• **TASK DIRECTIONS**:
The whole listing needs to be written out exactly, except for any images.

• **GIVEN DATA**:
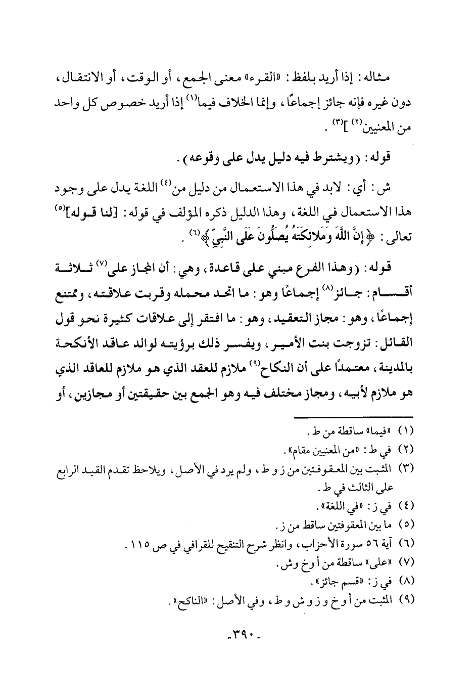 (٦) آية ٥٦ سورة الأحزاب، وانظر شرح التنقيح للقرافي في ص ١١٥.
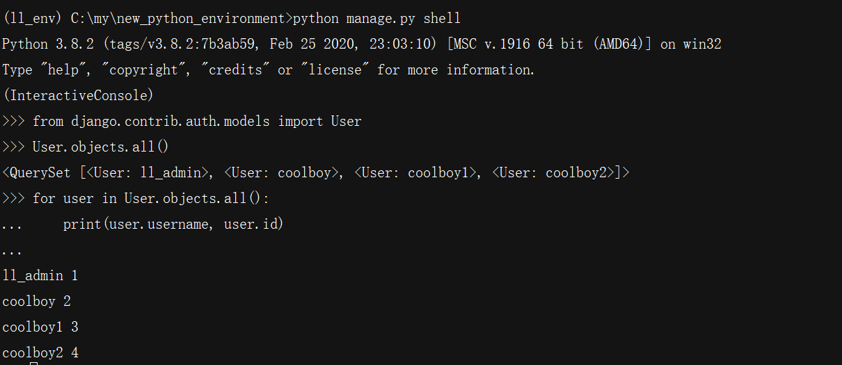 下面来查看已创建的所有用户的ID:
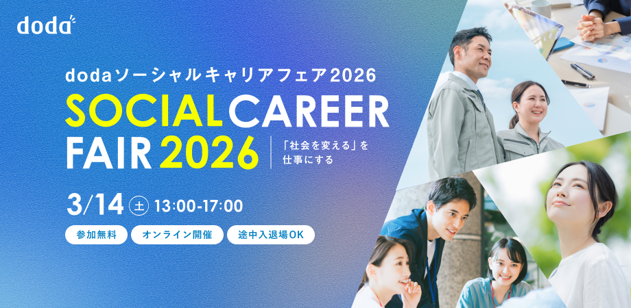 パーソルキャリア株式会社が運営する転職サービス「doda(デューダ)」(編集長:桜井 貴史)は、ソーシャルビジネスや、NPO、NGOなどのソーシャルセクターでの仕事やキャリアに関心のある方を対象としたオンラインイベント「dodaソーシャルキャリアフェア2026」を、2026年3月14日(土)に開催します。

• **RESULT**:
 (٦) آية ٥٦ سورة الأحزاب، وانظر شرح التنقيح للقرافي في ص ١١٥.
 下面来查看已创建的所有用户的ID:
 パーソルキャリア株式会社が運営する転職サービス「doda(デューダ)」(編集長:桜井 貴史)は、ソーシャルビジネスや、NPO、NGOなどのソーシャルセクターでの仕事やキャリアに関心のある方を対象としたオンラインイベント「dodaソーシャルキャリアフェア2026」を、2026年3月14日(土)に開催します。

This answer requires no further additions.